On Thursday 21 December 2006 22:34, Arnd Bergmann wrote:
> On Wednesday 20 December 2006 12:13, jdubois at mc.com wrote:
> > From: Jean-Christophe DUBOIS <jdubois at mc.com>
> > This is an ethernet device emulation between the host and the Cell
> > attached to the Axon. It uses the MBX as a messagery and the DMA to move
> > SKBs.
>
> Since this is a network driver, it should probably go to drivers/net/,
> and you should take netdev at vger.kernel.org on Cc: when submitting it
> for review.

OK, I'll do it next time. However you realize that this driver need the 
underlying infrastructure/services provided by the low level Axon driver. I 
mean, this driver doesn't work directly on top of hardware but on top of 
another driver that abstract the hardware to equalize it for the host and the 
Cell.

> > +
> > +#if defined(AXON_DEBUG_NIC)
> > +#define dbg_nic_log printk(KERN_DEBUG "AXON_NIC:%s=>",
> > __FUNCTION__);printk +#else
> > +#define dbg_nic_log if (0) printk
> > +#endif
> > +
> > +#define dbg_nic_err printk(KERN_EMERG "AXON_NIC:%s=>",
> > __FUNCTION__);printk +#define dbg_nic_inf printk(KERN_INFO
> > "AXON_NIC:%s=>", __FUNCTION__);printk
>
> dev_dbg/dev_info/dev_err

OK, Ill look into it.
>
> > +#ifdef __powerpc__
> > +#define AXON_NIC_MAC_ADDR "\2AX0N0"
> > +#else
> > +#define AXON_NIC_MAC_ADDR "\2AX1N0"
> > +#endif
>
> You can ask the network layer to generate a random valid mac address
> for you, instead of hardcoding these.

I'll think about this. So far I wanted to stay in control of MAC addresses so 
that I can control PCI-E routing when we will put several CAB boards (for 
example) in a PCI-E switched fabric. In this case I need to be able to 
establish a relationship between the MAC address and the Axon in the switched 
fabric.

> > +
> > +#ifndef __powerpc__
> > +#define axon_nic_virt_to_bus(x) virt_to_bus( (x) )
> > +#else
> > +#define axon_nic_virt_to_bus(x) virt_to_phys( (x) )
> > +#endif
>
> No, you need to use the pci dma mapping interface, or
> the of_device dma mapping on powerpc

Yes I know ... I need to work on this ...

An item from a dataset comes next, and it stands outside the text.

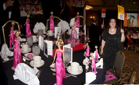 全てのテーブルで違うドールが飾られています それぞれのデザイナーさんの名前もかかれています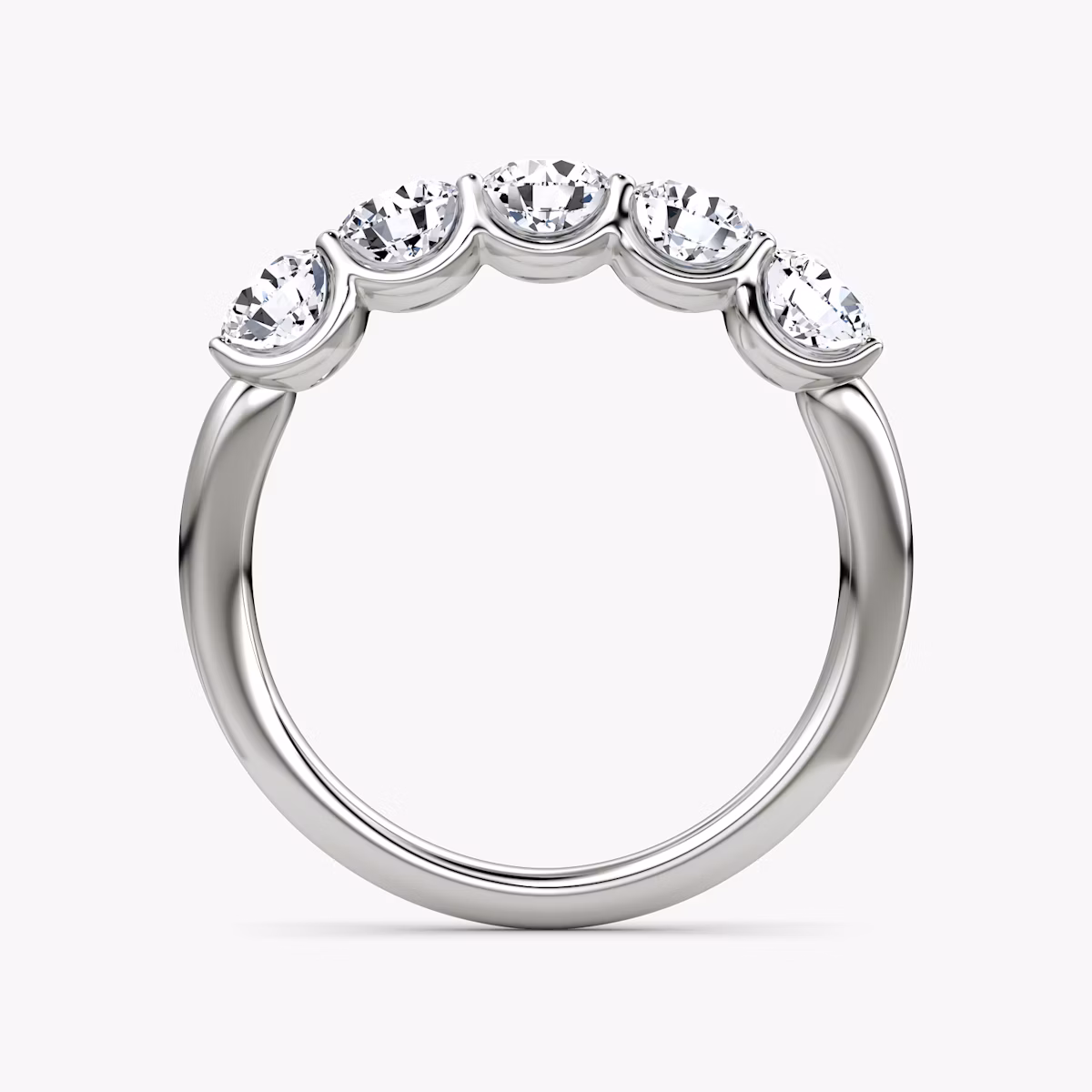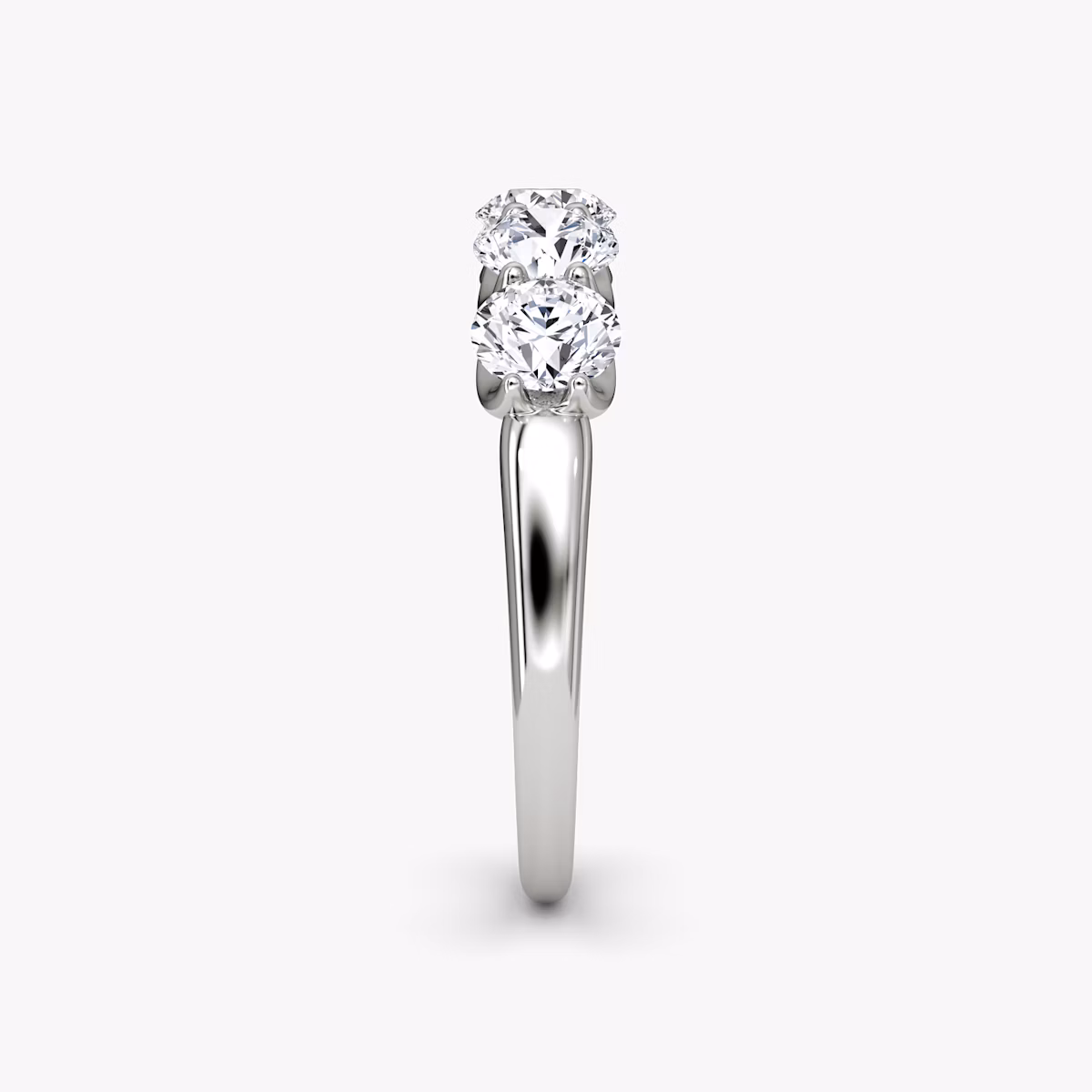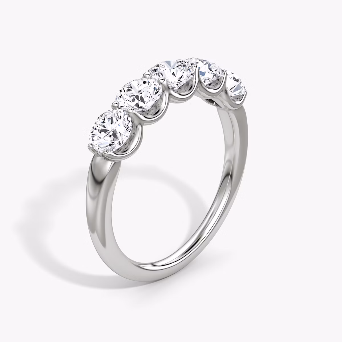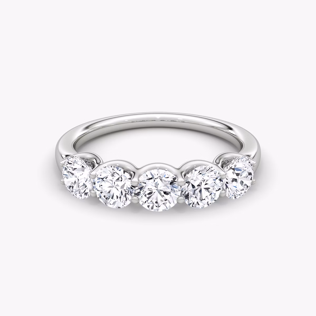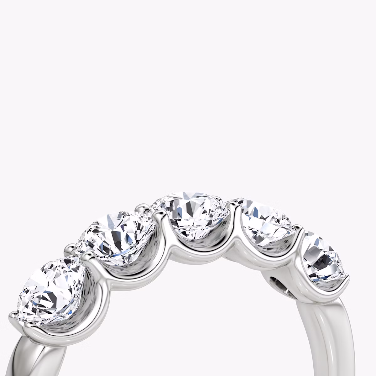 A dazzling row of five VRAI created diamonds are secured atop a solid gold or platinum setting, creating a bold display of brilliance and symmetry. Highlighting one of six different diamond shapes, the substantial and sophisticated Five Stone band symbolizes the memories, milestones, and moments worth celebrating.

> > +static struct net_device **axon_nic_devs = NULL;
>
> You shouldn't need to store a global array of these, just attach
> it to the struct device you use.

As I said above, there is no real "device" to attach to. It is very much 
virtual ...

> > +static void
> > +axon_nic_dma_skb_avail_completion_handler(struct axon_dmax_t
> > +					  *p_axon_dmax, struct axon_dma_req_t
> > +					  *p_dma_req, void *context)
> > +{
> > +	struct sk_buff *skb = context;
> > +
> > +	struct axon_nic_t *axon_nic = netdev_priv(skb->dev);
> > +
> > +#if defined(AXON_DEBUG_NIC)
> > +
> > +	dbg_nic_log("Skb 0x%p after DMA completion \n", skb);
> > +
> > +	axon_nic_skb_print(axon_nic, skb);
> > +#endif
> > +
> > +
> > +	skb->protocol = eth_type_trans(skb, skb->dev);
> > +
> > +
> > +	skb->ip_summed = CHECKSUM_UNNECESSARY;
> > +
> > +	axon_nic->stats.rx_packets++;
> > +	axon_nic->stats.rx_bytes += skb_headlen(skb);
> > +
> > +	skb->dev->last_rx = jiffies;
> > +
> > +
> > +	dbg_nic_log("Skb 0x%p is passed to the network stack\n", skb);
> > +	netif_rx(skb);
> > +}
>
> I'm not sure I understand what you do here. This looks like you get one
> interrupt callback for each incoming packet, which is rather inefficient.
> You should probably look into using a NAPI poll() function to avoid
> rx and tx interrupts whenever possible.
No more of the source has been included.